Decidiu a sentença condenar a ora recorrente, além do mais, no pagamento aos ora recorridos das diferenças de subsídios de Natal correspondentes às quantias médias dos montantes por eles recebidos a título de retribuição por trabalho suplementar e trabalho nocturno, verificado que se mostre o pressuposto da regularidade e periodicidade, até 28 de Julho de 2022 (data da entrada em vigor da Convenção Colectiva de Trabalho publicada no Boletim do Trabalho e Emprego n.º 27 de 2022), a liquidar ulteriormente.
Em fundamento desta decisão, após indicar o regime legal pertinente, exarou o seguinte:
«[…]
Face ao enquadramento jurídico enunciado, conclui-se que, no domínio do Código do Trabalho, a base de cálculo do subsídio de Natal — salvo disposição legal, convencional ou contratual em contrário — reconduz-se ao somatório da retribuição base e das diuturnidades, já que o «mês de retribuição» a que se refere o n.º 1 do artigo 254.º do Código do Trabalho terá de ser entendido de acordo com a regra supletiva constante no n.º 1 do artigo 262.º do mesmo Código, nos termos do qual a respectiva base de cálculo se circunscreve à retribuição base e diuturnidades.
Consequentemente, à luz do regime do Código do Trabalho, as retribuições em causa nos presentes autos, pagas regular e periodicamente, não relevam para o cômputo dos subsídios de Natal, cuja base de cálculo se cinge à retribuição base e diuturnidades – cf. neste sentido, entre outros o Acórdão do Supremo Tribunal de Justiça proferido no Processo: 4109/06.9TTLSB.L2.S1, em 17-11-2016 e o Acórdão do Tribunal da Relação do Porto de 14-12-2022, proferido no Proc. 3002/19.0T8MAI.P1, ambos disponíveis em www.dgsi.pt.
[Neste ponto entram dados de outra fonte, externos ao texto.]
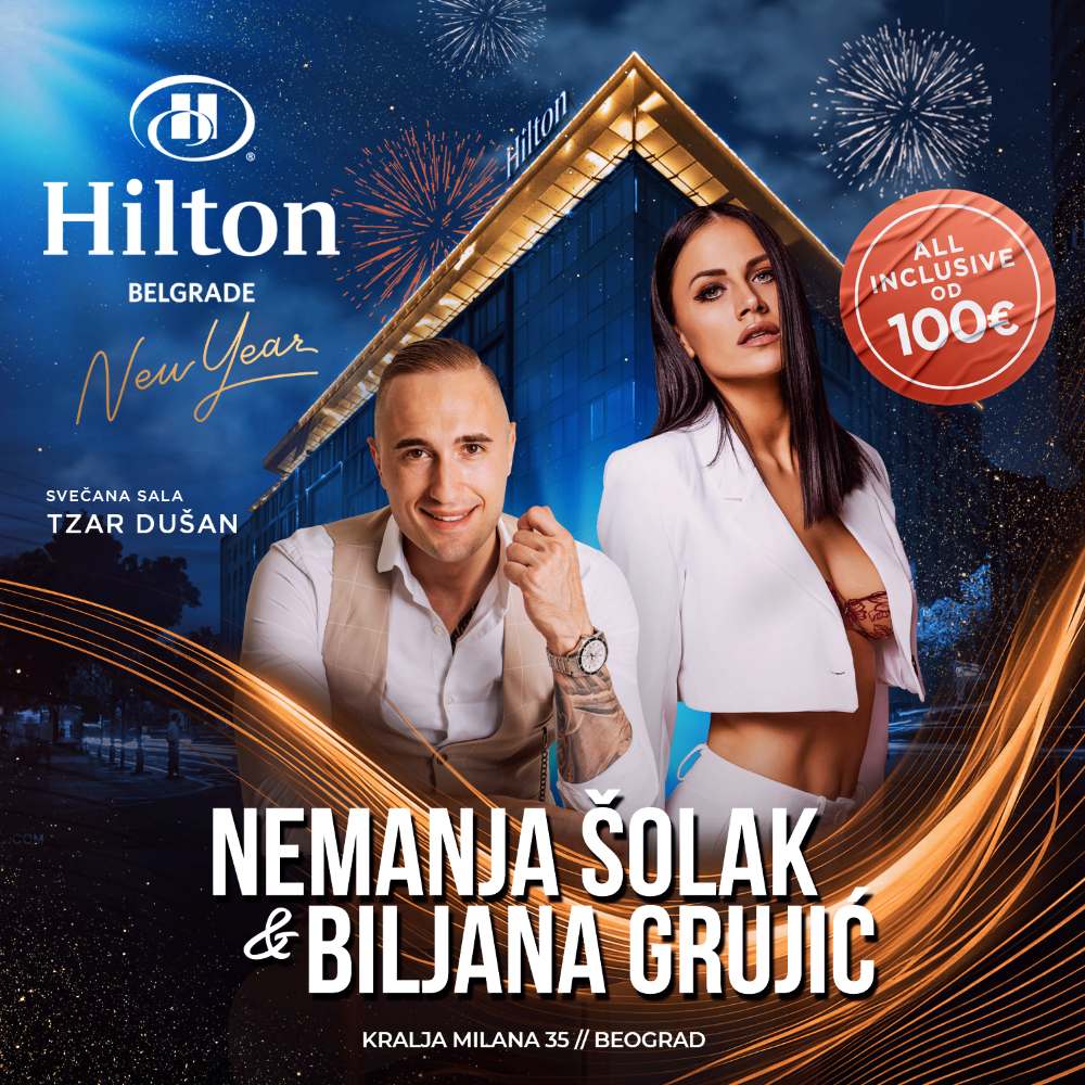 Proslavite doček Nove godine 2026. u Hotelu Hilton Beograd, gde vas očekuje nezaboravna noć ispunjena muzikom, plesom i sjajnim društvom. Ovaj prestižni hotel je savršeno mesto za sve one koji žele da dočekaju Novu godinu 2026. u urbanom stilu. Uživajte u nastupu popularnih izvođača, Nemanje Šolaka i Biljane Grujić, koji će vas zabavljati tokom cele noći.
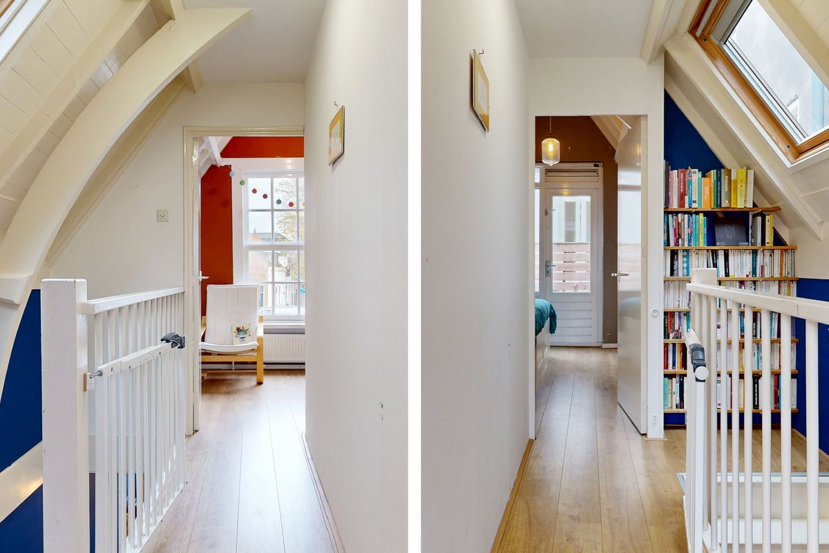 Overloop met extra daglicht dankzij een Velux dakraam. Aan de voorzijde een sfeervolle slaapkamer met vaste kasten, balkenplafond en prachtig uitzicht over het water. Aan de achterzijde een tweede slaapkamer met toegang tot het dakterras. Vanuit de tweede slaapkamer is tevens toegang tot de badkamer met douche en wastafel.
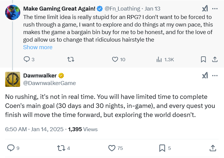 Rebel Wolves responded, “No rushing, it's not in real time. You will have limited time to complete Coen's main goal (30 days and 30 nights, in-game), and every quest you finish will move the time forward, but exploring the world doesn't.”
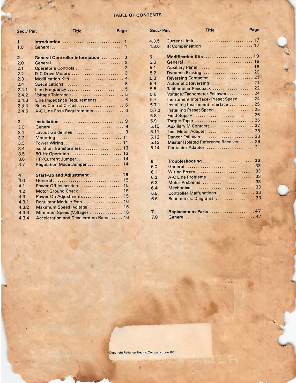 ~Copyrigh t Reliance Electric Company June 1981
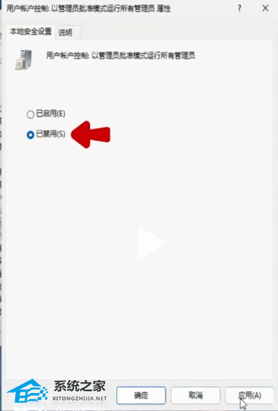 9. 选择“已禁用”,随后点击“应用和确定”。
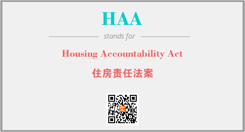 上述内容是“Housing Accountability Act”作为“HAA”的缩写,解释为“住房责任法案”时的信息,以及英文缩略词HAA所代表的英文单词,其对应的中文拼音、详细解释以及在英文中的流行度和相关分类、应用领域及应用示例等。
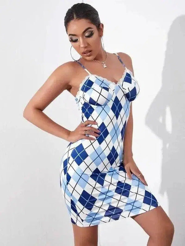 - Design: Gedurfd blauw en wit ruitpatroon

Contudo, dispondo a cláusula 51.ª, n.º1 do AE/1997 que Todos os trabalhadores abrangidos por este AE têm direito a um subsídio correspondente a um mês de retribuição e a cláusula 41.ª (Retribuição do trabalho), 2, do AE/1997, que a retribuição compreende a remuneração base e todas as outras remunerações regulares e periódicas directa ou indirectamente feitas em dinheito ou espécie, não há lugar à aplicação do regime supletivo contido no n.º 1 do artigo 262.º do mesmo CTrabalho, em face do disposto no art. 3.º, n.º3, do CTrabalho.
[…]»
As recorrentes, por seu turno, alegam que o subsídio de Natal é uma prestação complementar, logo, exige-se para a não aplicação do comando do artigo 262.° do Código do Trabalho vigente que o Acordo de Empresa invocado a contrarie em sentido oposto, o que não se verifica, sendo que o n.° 1, da cláusula 51.ª não afasta expressamente aqueles normativos, em sentido contrário, e não é também suficiente para se instituir como disposição expressa em contrário o genérico decalque do texto legal do n.° 2, do artigo 82.°, da então vigente LCT, no n.° 2, da cláusula 41.ª, do AE/97 (determinando que “A retribuição compreende a remuneração base e todas as outras remunerações regulares e periódicas directa ou indirectamente feitas em dinheiro ou espécie"), o qual as partes outorgantes do AE mantiveram até à Convenção Colectiva de Trabalho de 2022, não cuidando de contrariar a previsão do artigo 262.º do Código do Trabalho de 2009.
Vejamos.
À data em que foi publicado o AE de 1997 estava em vigor o Decreto-Lei n.º 88/96 de 3 Julho que exceptuava a aplicabilidade do diploma em que estava inserido aos trabalhadores abrangidos por instrumento de regulamentação colectiva de trabalho que regule especificamente o subsídio de Natal (n.º 2) com excepção das situações em que “o instrumento de regulamentação colectiva preveja a concessão de um subsídio de valor inferior a um mês de retribuição” (nº3), o que não é o caso.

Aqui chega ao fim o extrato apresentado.